CURRENT REPORT PURSUANT
TO SECTION 13 OR 15(d) OF THE
SECURITIES EXCHANGE ACT OF 1934

Date of report (Date of earliest event reported): Dec. 17, 2018 (Dec. 13, 2018)

Connecticut Water Service, Inc.

(Exact name of registrant as specified in its charter)

Connecticut

(State or other jurisdiction of incorporation)

0-8084     06-0739839

(Commission File Number)     (IRS Employer Identification No.)

93 West Main Street, Clinton, Connecticut     06413-0562

(Address of Principal Executive Offices)     (Zip Code)

(860) 669-8636

(Registrant’s telephone number, including area code)

N/A

(Former name or former address, if changed since last report)

Check the appropriate box below if the Form 8-K filing is intended to simultaneously satisfy the filing obligation of the registrant under any of the following provisions (see General Instruction A.2. below):

o    Written communications pursuant to Rule 425 under the Securities Act (17 CFR 230.425)

o    Soliciting material pursuant to Rule 14a-12 under the Exchange Act (17 CFR 240.14a-12)

o    Pre-commencement communications pursuant to Rule 14d-2(b) under the Exchange Act (17 CFR 240.14d-2(b))

o    Pre-commencement communications pursuant to Rule 13e-4(c) under the Exchange Act (17 CFR 240.13e-4(c))

Indicate by check mark whether the registrant is an emerging growth company as defined in Rule 405 of the Securities Act of 1933 (§230.405 of this chapter) or Rule 12b-2 of the Securities Exchange Act of 1934 (§240.12b-2 of this chapter).
Emerging growth company         o    
If an emerging growth company, indicate by check mark if the registrant has elected not to use the extended transition period for complying with any new or revised financial accounting standards provided pursuant to Section 13(a) of the Exchange Act.            o    









Item 1.01    Entry into a Material Definitive Agreement

Entry into New Term Loan for Maine Water Company

As previously reported, on December 1, 2012, the Maine Water Company, a Maine corporation (“Maine Water”), and CoBank, ACB, a federally chartered instrumentality of the United States (“CoBank”) entered into that certain Amended and Restated Master Loan Agreement, as amended on December 22, 2014 (the “Agreement”).   Maine Water is an operating water utility subsidiary of Connecticut Water Service, Inc., a Connecticut corporation (the “Company”), the registrant.

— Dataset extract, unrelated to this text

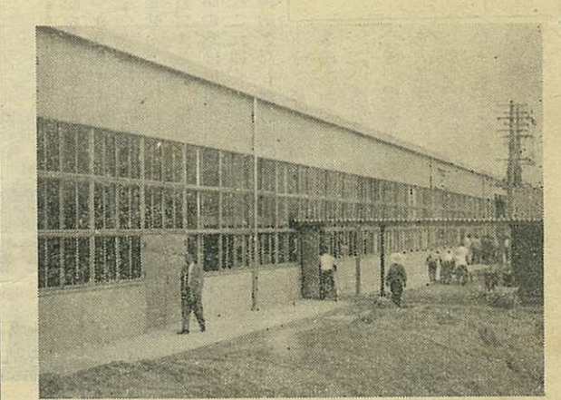
開所された伊万里総合職業訓練所

年金だより 昨年四月に算定期間が二十年以上であること。 例えは、厚生年金の期間が十二年、公務員共済組合の期間が八年の場合合せて二十年であるから、国民年金は一年以上の期間に達して、それぞれの制度によって三種の年金が支給されます。 一 他の公的年金による老令、退職年金の給付を受けることができること。 例えは、他の制度による老令年金、退職年金の給付の資格要件を満たしている人は、既に給付を受けている人は、国民年金の期間が一年以上で支給されます。この制度の制定によって国民のすべてが年金の支給 国民年金保険料納付済期間 通算年金 通則法について 料納付済期間と国民年金の期間を合算した期間、または保険料免除期間が一年以上である人が次の各号に該当するときに支給されます。 一 国民年金と他の公的年金との期間を合算した期間が二年以上であること 例えは、厚生年金の期間が十九年のときは、国民年金の期間が六年以上であれば期間に応じ、それぞれが支給されます。 二 一 他公的年金に係る通算

Pursuant to the Agreement, Maine Water has previously delivered to CoBank two separate Promissory Note and Single Advance Term Loan Supplements, dated December 22, 2014 and January 10, 2017, respectively, as follows:
  
Promissory Note
Principal Amount
Maturity Date
Second Promissory Note and Single Advance Term Loan Supplement No. RI0042T03

$4,500,000
Dec. 20, 2024
Third Promissory Note and Single Advance Term Loan Supplement No. RI0042T04
$5,000,000
Dec. 30, 2026

On December 13, 2018, Maine Water executed and delivered to CoBank a new Promissory Note and Single Advance Term Loan Supplement, dated October 30, 2018 (the “Fourth Promissory Note”). On the terms and subject to the conditions set forth in the Fourth Promissory Note issued pursuant to the Agreement, CoBank agreed to make an unsecured loan (the “Loan”) to Maine Water in the principal amount of $8,000,000, as follows:

Promissory Note
Principal Amount
Maturity Date
Fourth Promissory Note and Single Advance Term Loan Supplement No. RI0042T05
$8,000,000
Dec. 30, 2043

Under the Fourth Promissory Note, Maine Water will pay interest on the Loan in accordance with either of the following interest rate options, as selected periodically by Maine Water: (1) at a weekly quoted variable rate, a rate per annum equal to the rate of interest established by CoBank on the first business day of each week; or (2) at a fixed rate per annum to be quoted by CoBank in its sole discretion in each instance for periods of 365 days or more. Interest shall be calculated on the actual number of days



the Loan is outstanding on the basis of a year consisting of 360 days. Maine Water has selected a fixed rate of 5.51% per year through the maturity date of the Loan.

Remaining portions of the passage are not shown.